Emerge Africa, Mobile-Sat bid to ease RICA headache

Date: 10 July 2006
(ICT World)
Business process management specialist, Emerge Africa, has teamed up with mobile office provider Mobile-Sat, aiming to provide a simple solution to the problem of capturing identity data from millions of cellphone users scattered across the country.

The Regulation of Interception of Communications and Provision of Communications-related Information Act (RICA) of 2002 requires SAs cellular networks and service providers to record and keep information about the ownership of every cell phone in operation. The Act, which came into full effect in November last year, requires a record of the cell number, handset number and the full name, ID number and addresses of every cellphone owner to be captured within 12 months.
 
The task of finding and recording every one of the countrys estimated 30m prepaid cellphone users is daunting, with a cost that has been estimated at R300m.

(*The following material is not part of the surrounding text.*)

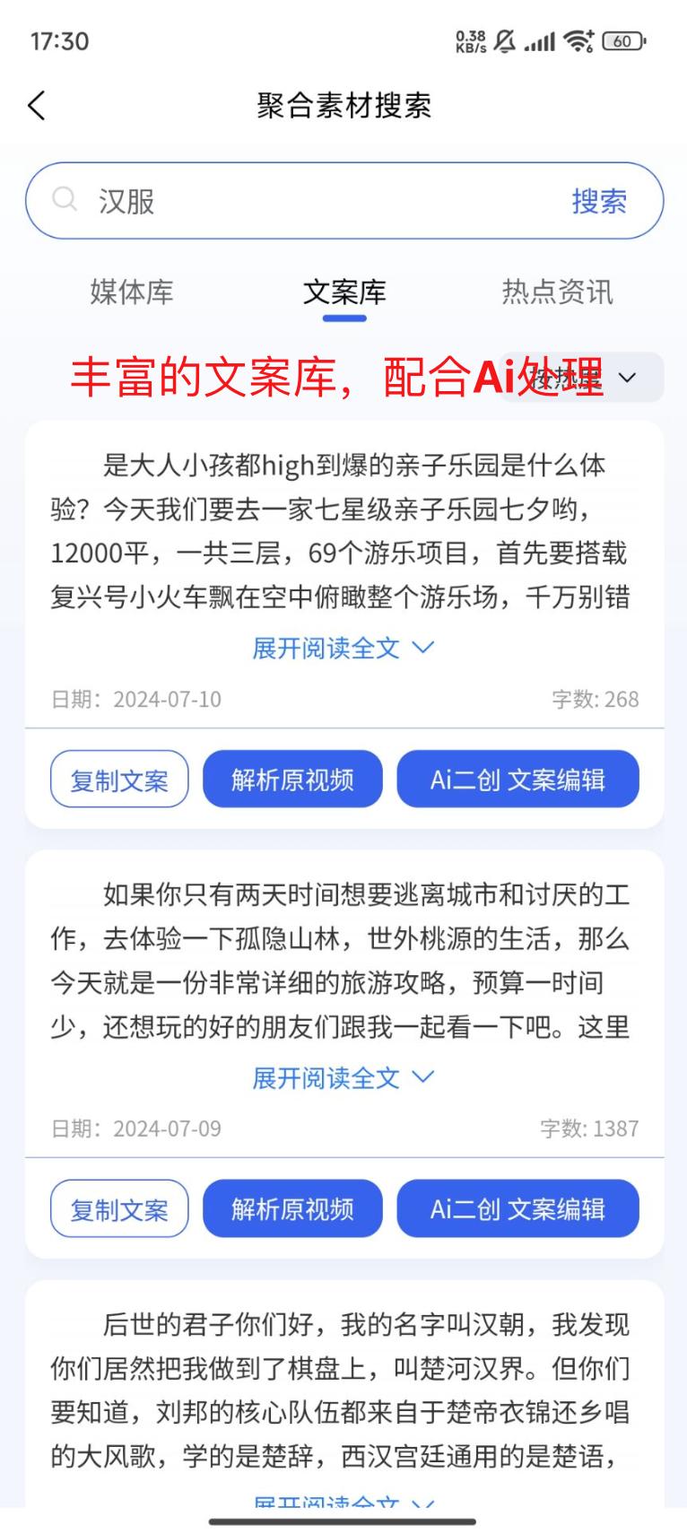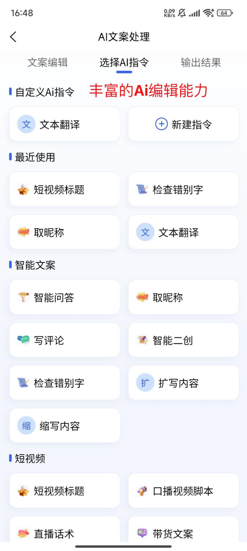 文案提取:从各类素材中提取文案,方便用户编辑和复用。

Transport is expensive, and many prepaid users will consider making a verification visit costly and time-consuming, even if they know about the Act and want to comply, notes Emerge Africa CEO, Jean Moncrieff. And filing or capturing paper documents such as handwritten forms and photocopied ID books will create a data nightmare, as the banks discovered with the Financial Intelligence Centre Act (FICA).
 
Instead, Emerge Africa and Mobile-Sat plan to send satellite communication vans, linked directly to the networks databases, around the country to gather and capture user data at the source, using Global 360s business process management solutions.
 
The Mobile-SAT trucks can go anywhere, no matter how remote, and set up a live link via satellite to a networks system in minutes, explains Mobile-Sats Michael Walk. All they need is a view of the sky. The trucks are self-powered and have been equipped with the computer hardware required for customers to access their RICA applications.
 
Electronic data capture, says Moncrieff, is the key. It is quite easy to capture information directly to the networks core systems, avoiding all the problems of lost documents and unreadable forms. We have already developed similar systems to help the banks implement FICA and can apply that experience directly in this case.